## Action item:
Everything below from the line with "巴拉巴拉儿童内衣套装男童秋衣秋裤冬季加厚两件套女童打底睡衣棉" through the line with "Introducing the new" should be copied exactly, and nothing else; leave out the pictures.

Material shown Start Marker

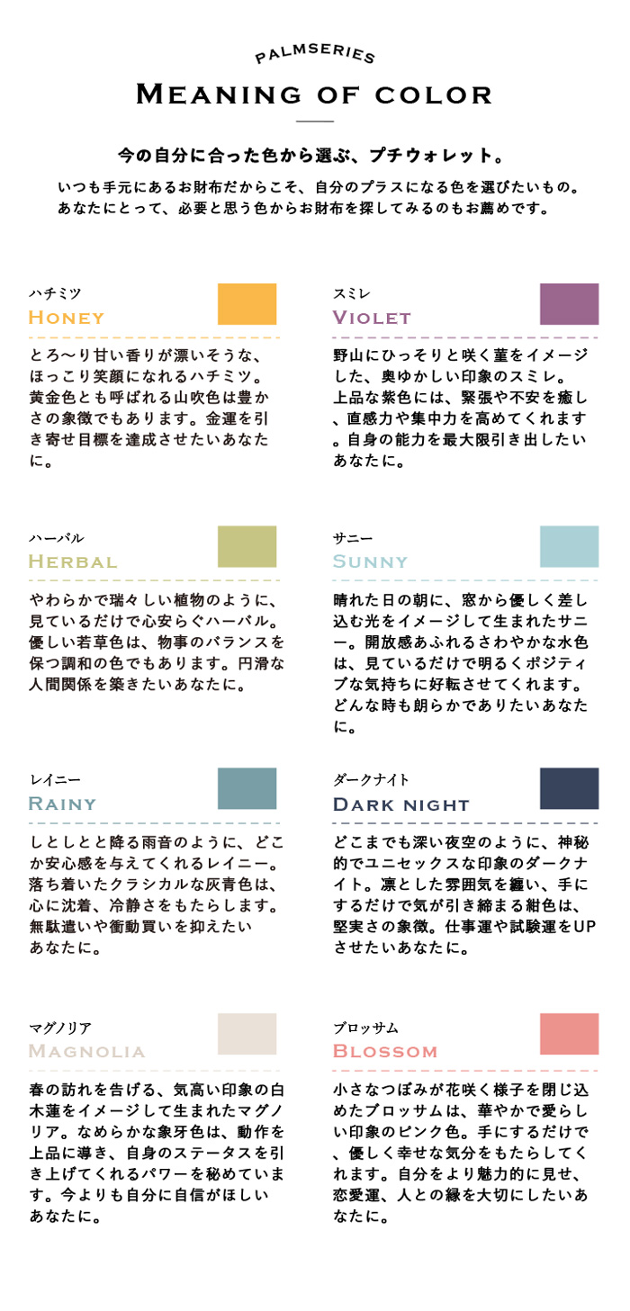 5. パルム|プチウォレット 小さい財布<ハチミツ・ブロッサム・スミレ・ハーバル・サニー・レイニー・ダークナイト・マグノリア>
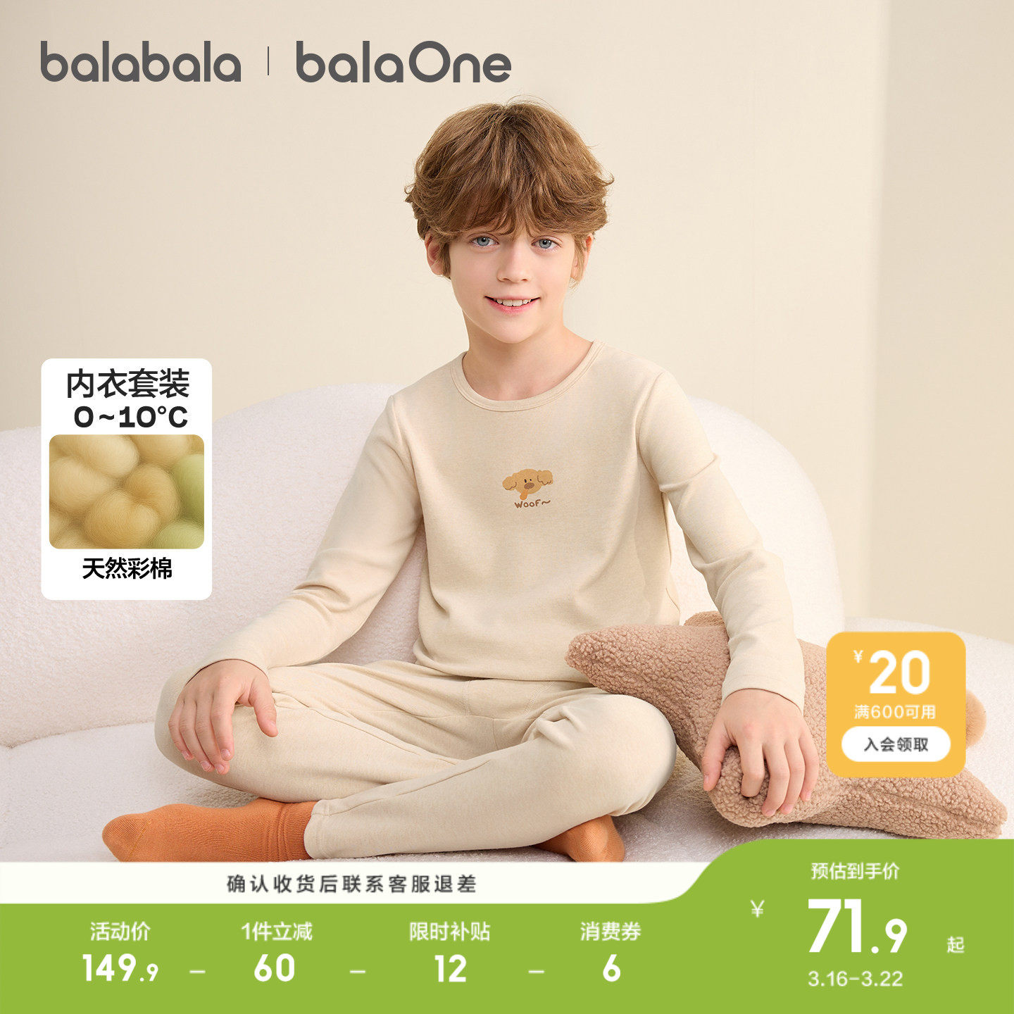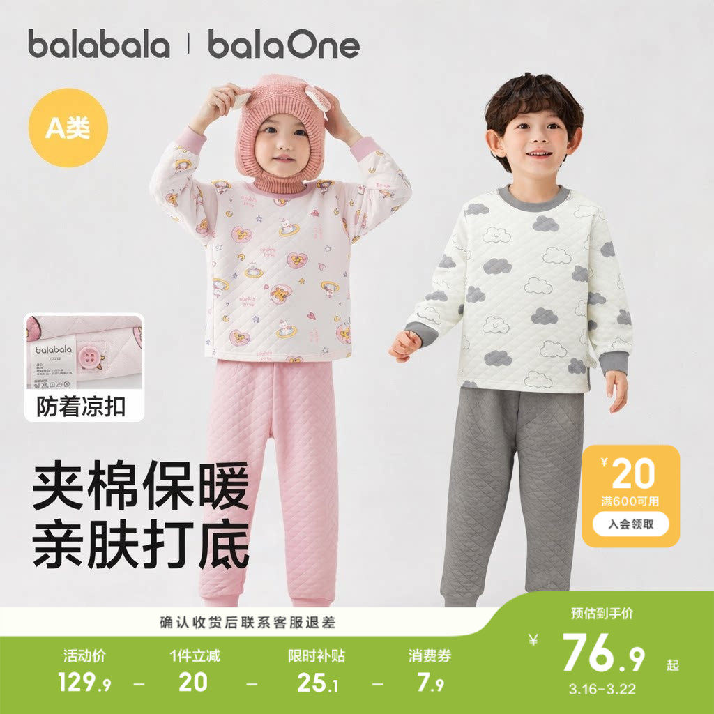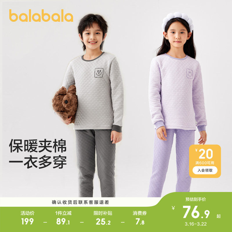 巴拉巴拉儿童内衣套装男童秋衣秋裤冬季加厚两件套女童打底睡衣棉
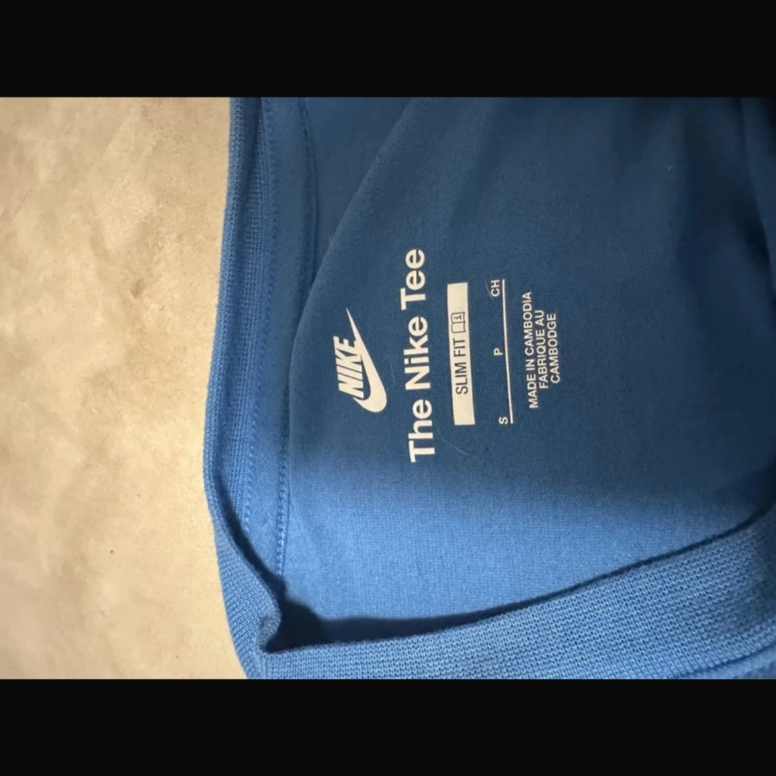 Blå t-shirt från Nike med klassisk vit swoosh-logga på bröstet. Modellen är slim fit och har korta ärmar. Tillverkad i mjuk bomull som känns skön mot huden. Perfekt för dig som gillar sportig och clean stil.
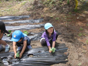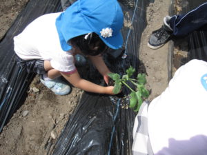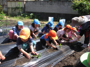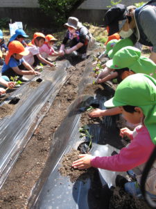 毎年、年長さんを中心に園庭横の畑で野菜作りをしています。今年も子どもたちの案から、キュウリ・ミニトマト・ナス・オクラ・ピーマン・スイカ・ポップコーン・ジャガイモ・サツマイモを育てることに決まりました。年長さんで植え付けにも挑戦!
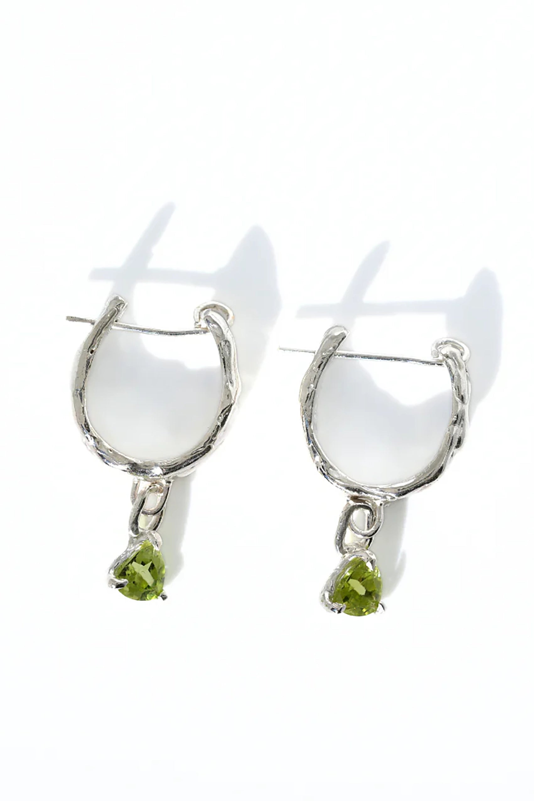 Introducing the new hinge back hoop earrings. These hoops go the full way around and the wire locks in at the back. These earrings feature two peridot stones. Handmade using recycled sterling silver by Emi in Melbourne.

Material shown End Marker
Material shown Start Marker

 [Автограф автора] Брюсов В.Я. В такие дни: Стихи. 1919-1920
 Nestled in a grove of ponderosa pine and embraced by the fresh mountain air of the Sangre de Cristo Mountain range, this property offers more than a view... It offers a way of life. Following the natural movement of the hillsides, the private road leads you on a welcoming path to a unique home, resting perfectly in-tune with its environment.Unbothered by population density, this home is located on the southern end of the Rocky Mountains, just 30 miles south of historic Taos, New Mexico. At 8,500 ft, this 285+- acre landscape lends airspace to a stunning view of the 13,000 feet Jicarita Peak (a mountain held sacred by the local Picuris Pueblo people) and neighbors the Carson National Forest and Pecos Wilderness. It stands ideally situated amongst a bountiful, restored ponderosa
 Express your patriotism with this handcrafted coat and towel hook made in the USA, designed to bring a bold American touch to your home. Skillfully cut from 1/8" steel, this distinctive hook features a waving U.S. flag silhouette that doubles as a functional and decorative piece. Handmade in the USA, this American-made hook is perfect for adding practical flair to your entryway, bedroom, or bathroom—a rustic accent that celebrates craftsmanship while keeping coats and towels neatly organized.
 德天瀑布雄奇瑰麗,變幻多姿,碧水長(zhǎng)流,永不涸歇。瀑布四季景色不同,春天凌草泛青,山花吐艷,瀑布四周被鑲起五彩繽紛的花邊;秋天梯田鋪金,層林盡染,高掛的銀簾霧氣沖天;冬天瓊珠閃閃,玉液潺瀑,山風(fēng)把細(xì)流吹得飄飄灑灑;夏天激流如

Material shown End Marker

## Written response:
 巴拉巴拉儿童内衣套装男童秋衣秋裤冬季加厚两件套女童打底睡衣棉
 Blå t-shirt från Nike med klassisk vit swoosh-logga på bröstet. Modellen är slim fit och har korta ärmar. Tillverkad i mjuk bomull som känns skön mot huden. Perfekt för dig som gillar sportig och clean stil.
 毎年、年長さんを中心に園庭横の畑で野菜作りをしています。今年も子どもたちの案から、キュウリ・ミニトマト・ナス・オクラ・ピーマン・スイカ・ポップコーン・ジャガイモ・サツマイモを育てることに決まりました。年長さんで植え付けにも挑戦!
 Introducing the new hinge back hoop earrings. These hoops go the full way around and the wire locks in at the back. These earrings feature two peridot stones. Handmade using recycled sterling silver by Emi in Melbourne.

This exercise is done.